At present most tools have been developed in the research setting and a next step will be to explore how this could be applied more directly in the clinical setting.
How might monitoring disease evolution help guide the choice of therapy?
If you have explored a primary tumour you can build up an accurate picture of all the mutations present in every cancer cell. These can then be used to help monitor the patient’s disease and look for signs of potential relapse. This might also inform a treatment strategy. Indeed, evidence from the research setting suggests that ctDNA can be used to track a tumour’s development and potentially detect changes early. For example, multiple studies have shown that ctDNA can be exploited to detect minimal residual disease. That includes detecting minimal residual disease after surgical resection, allowing personalisation of adjuvant therapies (Journal of Thoracic Oncology 2019;14(1):16-24) and identifying patients with residual disease before clinical or radiological evidence of metastases (Clin Cancer Res 2019;25:6026–34). I think that’s really going to revolutionise the way we treat patients and understand resistance as well.
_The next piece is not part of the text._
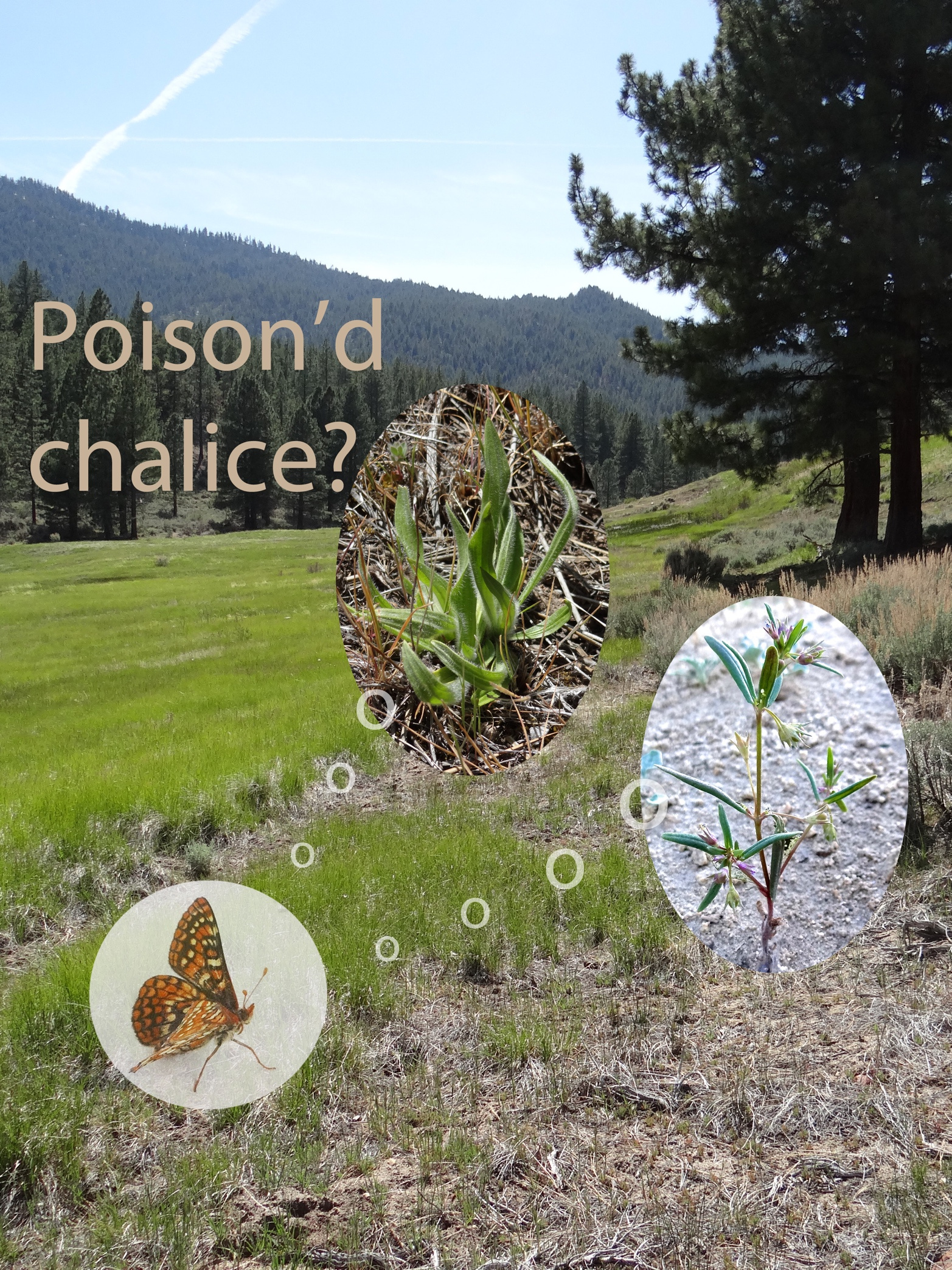 The collage below shows our imagination of a female Edith's checkerspot in Schneider's Meadow, asking herself which of the host-plants she perceives is the "poison'd chalice:" the exotic plantain (top) or her still-available traditonal host, Collinsia parviflora. Our study shows that, eventually, all of the butterflies chose the chalice, leading to their demise in 2007-8. A few years later, in 2013-4, checkerspots that had not undergone this bout of anthopogenic evolution recolonized the site and the host shift reversed itself, setting the stage for a potential repeat of the anthropogenic evolutionary cycle.

Is it possible to predict a cancer’s next evolutionary move? And what could be the benefit of this?
The ultimate goal of our research is to understand patterns in cancer development such that we can predict the next step of cancer development. Conceivably, one day we may be able to proactively treat the tumour in such a way that it could be led down an evolutionary dead end – rather than waiting for resistance to occur. Ultimately, this will require a far deeper understanding of cancer evolution, and the extent to which cancer development is deterministic.
With targeted therapies we already have a much deeper appreciation of the next resistance mechanism that is likely to occur and what treatment to give. But we want an even deeper knowledge of the playbook that the tumour might use and what we can do in advance of its next move.